Sunday, January 6, 2013

Friends in Medium Places

I don’t have friends in high places anymore. I did, many years ago, when for a brief period I found myself hobnobbing with the high-and-mighty. In time, I discovered these relationships were at best transient and, honestly, brought little to the table. Now I know and rely on less stellar beings, the average-but-resourceful on whose help I can count on when the going gets choppy. I suppose you could call them friends in medium places.

Take, for instance, the mechanic at a local garage who for years has been putting my cars through the Virginia State inspection. It is cars, plural; I have three, none newer than 1989, and they’re well-loved but cantankerous. Mike the Mechanic—an alias—whips them through his service station, tells me what may need to be done, quotes a friendly price and advises me to shop eBay for replacement parts. I’ve followed his advice and saved hundreds. We talk about the weather, his wife and her latest weight-loss program, and his 16-year-old daughter whom he worries about. He knows I used to work in a drug rehab and a while back he asked me about the warning signs of marijuana use. We spoke and days later I gave him some literature as well as the name of a doctor I know who willingly talks to concerned parents.

Mr. T (really, it says that on his nametag) is a physically impressive clerk who works in a nearby post office. He has helped me figure out the sometimes Byzantine postal rates charged for shipping goods overseas, as well as the US Customs forms that need to be filled. Sending stuff has gotten more complex since the Homeland Security people have taken an interest in outgoing mail (it seems to me they should focus on the incoming stuff, but what do I know) and Mr. T has suggested ways to ship more cheaply and faster. I’ve seen him deal with the rush of Christmas package senders with the aplomb of Eliot Ness facing the mob. He has never once lost his cool; he shakes my hand, smiles and asks how I am every time we meet. Now that’s a friend…

At my food store, I ran into a young check-out employee whom I used to see when he worked at Borders, before that bookselling chain went out of business.  Charles is thin, intense, and even looks like a writer, and when he manned the store’s espresso machine, I could always count on a couple of free shots, as well as good conversation on the latest literary gossip. The economy has treated Charles harshly; newly married and living in his in-laws’ basement with his wife, he now handles carrots instead of Camus and Pepsi rather than Pepys, but he’s still full of good advice. Where he once he pointed me to the hidden Borders shelf where a couple of difficult-to-find hardback masterpieces were for sale, Charles now sends me to the grocery store’s olive counter. The big green ones stuffed with red peppers are on sale, he says, though not marked as such, and the gherkins are out of this world.

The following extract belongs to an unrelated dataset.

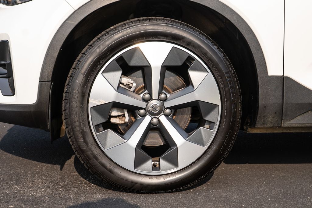 Internet access capable: Digital Services Package w/ 4 Year Subscription, Protection Package (Cargo Tray and Rubber Floor Mats), XC40 B5 Plus Dark Theme, 4D Sport Utility, 2.0L I4 Turbocharged DOHC 16V LEV3-ULEV70, AWD, Crystal White Metallic, Blond w/Leather Seating Surfaces w/Blonde Interior, Trunk Spoiler, Wheels: 19 5-Y Spoke Matte Graphite Alloy, 4-Wheel Disc Brakes, 8 Speakers, ABS brakes, Air Conditioning, Alloy wheels, AM/FM Radio, AM/FM radio: SiriusXM, Apple CarPlay, Auto High-beam Headlights, Auto-dimming door mirrors, Auto-dimming Rear-View mirror, Automatic temperature control, Brake assist, Bumpers: body-color, Connect Suede Textile/Microtech Seating Surfaces, Delay-off headlights, Driver door bin, Driver vanity mirror, Dual front impact airbags, Dual front side impact airbags, Electronic Stability Control, Emergency communication system: Volvo Cars App w/4 Year Subscription, Exterior Parking Camera Rear, Four wheel independent suspension, Front anti-roll bar, Front Bucket Seats, Front Center Armrest, Front dual zone A/C, Front fog lights, Front reading lights, Fully automatic headlights, Garage door transmitter: HomeLink, Heated door mirrors, Heated front seats, Illuminated entry, Knee airbag, Low tire pressure warning, Memory seat, Navigation System, Occupant sensing airbag, Outside temperature display, Overhead airbag, Overhead console, Panic alarm, Passenger door bin, Passenger vanity mirror, Power door mirrors, Power driver seat, Power moonroof, Power passenger seat, Power steering, Power windows, Radio data system, Rain sensing wipers, Rear anti-roll bar, Rear fog lights, Rear reading lights, Rear seat center armrest, Rear window defroster, Rear window wiper, Remote keyless entry, Security system, Speed control, Speed-sensing steering, Split folding rear seat, Spoiler, Steering wheel mounted audio controls, Tachometer, Telescoping steering wheel, Tilt steering wheel, Traction control, Trip computer, Turn signal indicator mirrors, and Variably intermittent wipers.

I know a lot people like Charles, Mr. T and Mike throughout the area. They’ve had—and continue to have—more impact on my daily life than the US Senators I used to play music with, or the Presidential candidate who wanted me to ghost-write a novel for him—free of charge, I might add.

I’m not sure what to make of this, and probably there’s nothing to be made of it at all. In the Washington area, there’s not seven degrees of separation, there’s one or two, three at most, and everyone knows someone who is intimately acquainted with the movers and shakers, or has a child that attends the same school as the President’s daughter. We like to be associated with the richer and more famous, without realizing that more often than not, these people are takers, not givers.

My playwright friend Paul this morning reminded me of what used to be called ‘the King’s touch,’ the belief  held in the Middle Ages that a touch from royalty could heal many diseases.  A few hundred years later, those with faith thought that a coin that had been touched by the monarch held much the same powers—cure by osmosis. I think the belief still holds true; we think knowing the highly placed will somehow better our lives.

Me, I believe in Mr. T the Mailman and Mike the Mechanic.